From: Chuck Lever <chuck.lever@oracle.com>
Subject: Re: mount.nfs4 hangs when rpcbind is not reachable
Date: Fri, 23 Apr 2010 12:03:56 -0400
Message-ID: <4BD1C4EC.8050404@oracle.com>
References: <alpine.LSU.2.01.1004231717180.2242@obet.zrqbmnf.qr> <4BD1BD72.2030709@oracle.com> <alpine.LSU.2.01.1004231750380.20942@obet.zrqbmnf.qr>
Mime-Version: 1.0
Content-Type: text/plain; charset=US-ASCII; format=flowed
Cc: linux-nfs@vger.kernel.org
To: Jan Engelhardt <jengelh-nopoi9nDyk+ELgA04lAiVw@public.gmane.org>
In-Reply-To: <alpine.LSU.2.01.1004231750380.20942-SHaQjdQMGhDmsUXKMKRlFA@public.gmane.org>
Sender: linux-nfs-owner@vger.kernel.org

On 04/23/2010 11:53 AM, Jan Engelhardt wrote:
> On Friday 2010-04-23 17:32, Chuck Lever wrote:
>> On 04/23/2010 11:18 AM, Jan Engelhardt wrote:
>>>
>>> I just noticed that in a diskless-system initramfs, mount.nfs4 appears
>>> to hang whenever it cannot get a response (any response) from the
>>> rpcbind port. If there is no rpcbind running and thus, TCP RST is sent,
>>> fine. But if it's dropped, like when the "lo" device is not in the "up"
>>> state (as can easily happen at this stage of boot), mount.nfs4 waits
>>> forever.
>>
>> The rpcbind registration RPC request is "hard".  Maybe it should be "soft".
>>
>> But a better question is why are you doing an NFS mount if "lo" is not up?
>
> Don't ask me. When the kernel has started, lo is in the down state, and
> does not have any addresses assigned either. Distros have to currently
> do that themselves - usually only after the root filesystem has been
> moutned. I just ran into and reported that issue where lo is down the
> entire initramfs time. Needless to say NFSv3 has no problems with lo
> being down.

... that we know of.  I don't think statd and lockd would work in this 
case, but I've never tried it.

NFSv4 mount backgrounding hasn't worked until recently either, fwiw.
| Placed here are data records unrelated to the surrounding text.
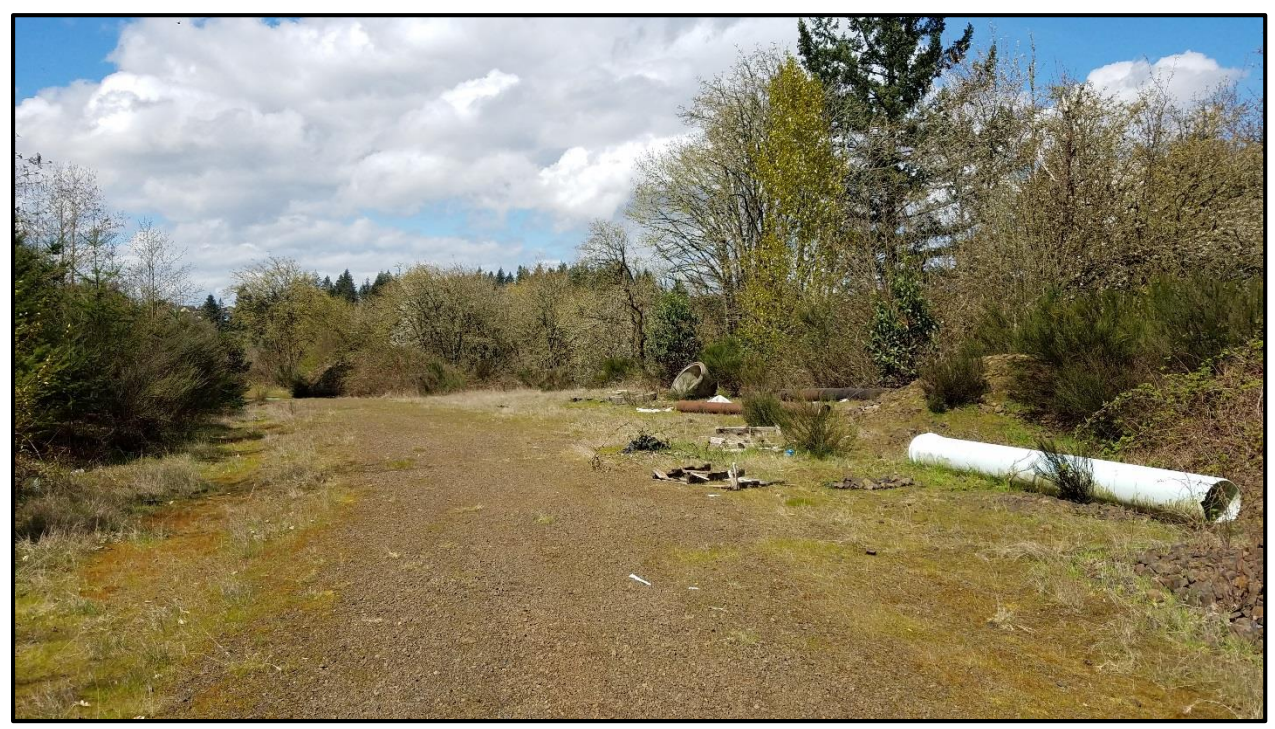
Beyond the barricades, looking north, showing initial grading of Lone Oak Road. [Unused water pipe, sewer pipes, and manhole are on the right edge of the road.]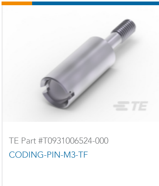
TE Part #T0931006524-000 CODING-PIN-M3-TF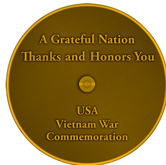
Vietnam Veteran Lapel Pin (Back)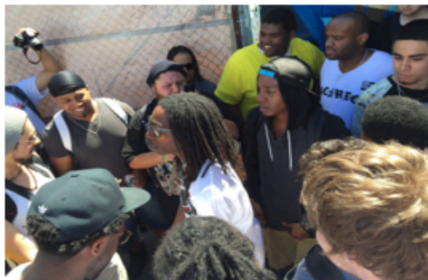
TeamBackPack's Mission Underground 2015

cyphers that occur outside of Hip-Hop events like TeamBackPack's Mission Underground and the Grind Mode Cypher.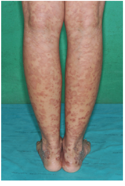
Figure 2. The generalized eruption was evidenced on the entire legs.with collarette scales on the palms.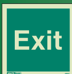
496 C 496 E, 496 Q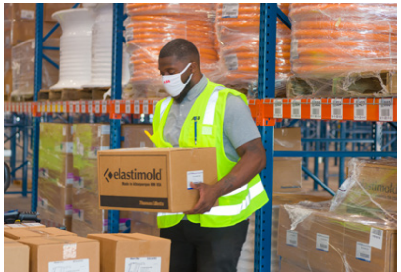
ABB Installation Products utility products storm hardening and grid resiliency brands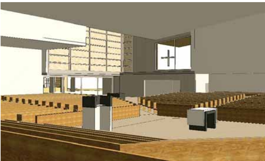
View of the interior of our new Church footprint

Click “Our Journey Into The Future. . . Together” and then the Capital Campaign Flyer dated 1/20/08.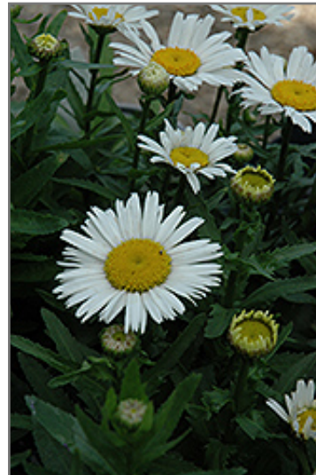
Snow Lady Shasta Daisy flowers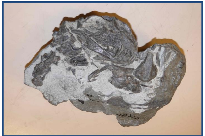
A baby gorgonopsian fossil before preparation ( left) and after preparation (right) at the Bloemfontein National Museum.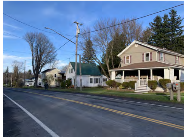
View northeast along Pleasant Valley Road

>> NFS has never worked in this case, because there would be no way for
>> the kernel to communicate with user space.
>
> Netlink and ioctls work without lo ;-)

Sure, but RPC doesn't go over ioctls :-)

> In fact, you'd be surprised how much of Linux works without an enabled
> lo device. Part of it may be because eth0 is up and has an address that
> can be used to do loopbacking ('local 192.168.1.15 dev eth0 proto
> kernel scope host src 192.168.1.15' in `ip route list table local`).

So, one way to address this would be if kernel_connect() returns a 
distinctive errno in this case (I would expect something like ENETDOWN) 
and then have the RPC transport behave as if it had received ECONNREFUSED.

Are you in a position to enable RPC debugging before doing that mount? 
If so, you can do

   # rpcdebug -m rpc -s trans

or, if rpcdebug isn't available, try

   # echo 128 > /proc/sys/sunrpc/rpc_debug

then try the mount. Look in /var/log/messages for the debugging messages.

If not, I'll have to find a way to try it here.

-- 
chuck[dot]lever[at]oracle[dot]com